626 N.E.2d 809, 1994 Ind. LEXIS 4, 1994 WL 3755
CourtIndiana Supreme Court
DecidedJanuary 10, 1994
Docket49S00-9206-DI-491
StatusPublished
Cited by11 cases

This text of 626 N.E.2d 809 (Matter of Garringer) is published on Counsel Stack Legal Research, covering Indiana Supreme Court primary law. Counsel Stack provides free access to over 12 million legal documents including statutes, case law, regulations, and constitutions.

Bluebook
Matter of Garringer, 626 N.E.2d 809, 1994 Ind. LEXIS 4, 1994 WL 3755 (Ind. 1994).

Opinion

DISCIPLINARY ACTION

PER CURIAM.

Donald Mark Garringer, the Respondent here, was charged by verified complaint for disciplinary action with several violations of the Rules of Professional Conduct for Attorneys at Law. This Court appointed a Hearing Officer pursuant to Ind. Admission and Discipline Rule 23, Section 11(b) and, after hearing, he tendered to this Court extensive findings of fact and conclusions of law. Respondent thereafter petitioned this Court for review of the hearing officer’s report and fully briefed his position.

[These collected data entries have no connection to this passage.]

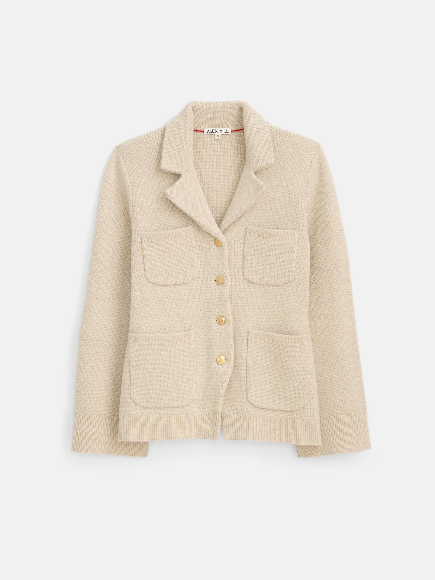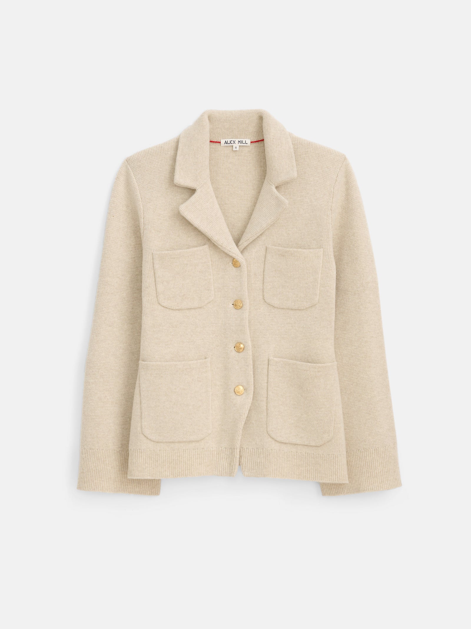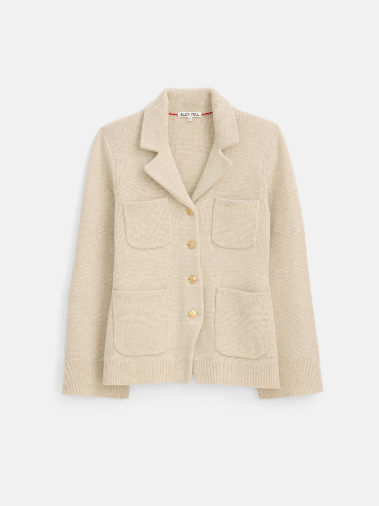 - Details we love: Made in super-small batches, soft wool cotton blend, brass crest buttons.
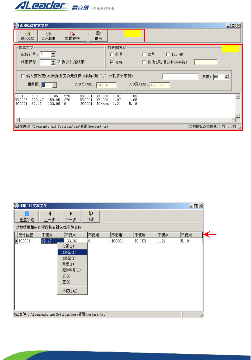 4 ) CAD 数据列表:载入的 CAD 元件数据清单。
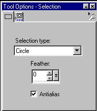 4. Mit dem Füllwerkzeug Flood-Fill füllt ihr nun die Selektion. Und da wir keinen ganzen Kreis brauchen können, werfen wird die Hälfte davon wieder weg. Dazu muss mit dem Selection-Tool die Einstellung "Rectangle" gewählt und der halbe Kreis markiert werden. Anschließend mit der "Entf"-Taste die nicht mehr benötigte Hälfte löschen:

This Court’s review in disciplinary cases is de novo, and we examine all matters presented. In re Young (1989), Ind., 546 N.E.2d 819. Our review is of the entire record tendered in the case, including the Hearing Officer’s findings and conclusions, which are given special emphasis as they are the products of direct observation of witnesses. In re Blackwelder (1993), Ind., 615 N.E.2d 106, In re Stanton (1986), Ind., 492 N.E.2d 1056. Nonetheless, this Court remains the final factfinder and arbiter of misconduct, and we reserve the right to determine an appropriate sanction. In re Ortiz (1992), Ind., 604 N.E.2d 602, In re Rajan (1988), Ind., 526 N.E.2d 1185. The Respondent’s objections to the findings of the Hearing Officer will be resolved within the context of this review process.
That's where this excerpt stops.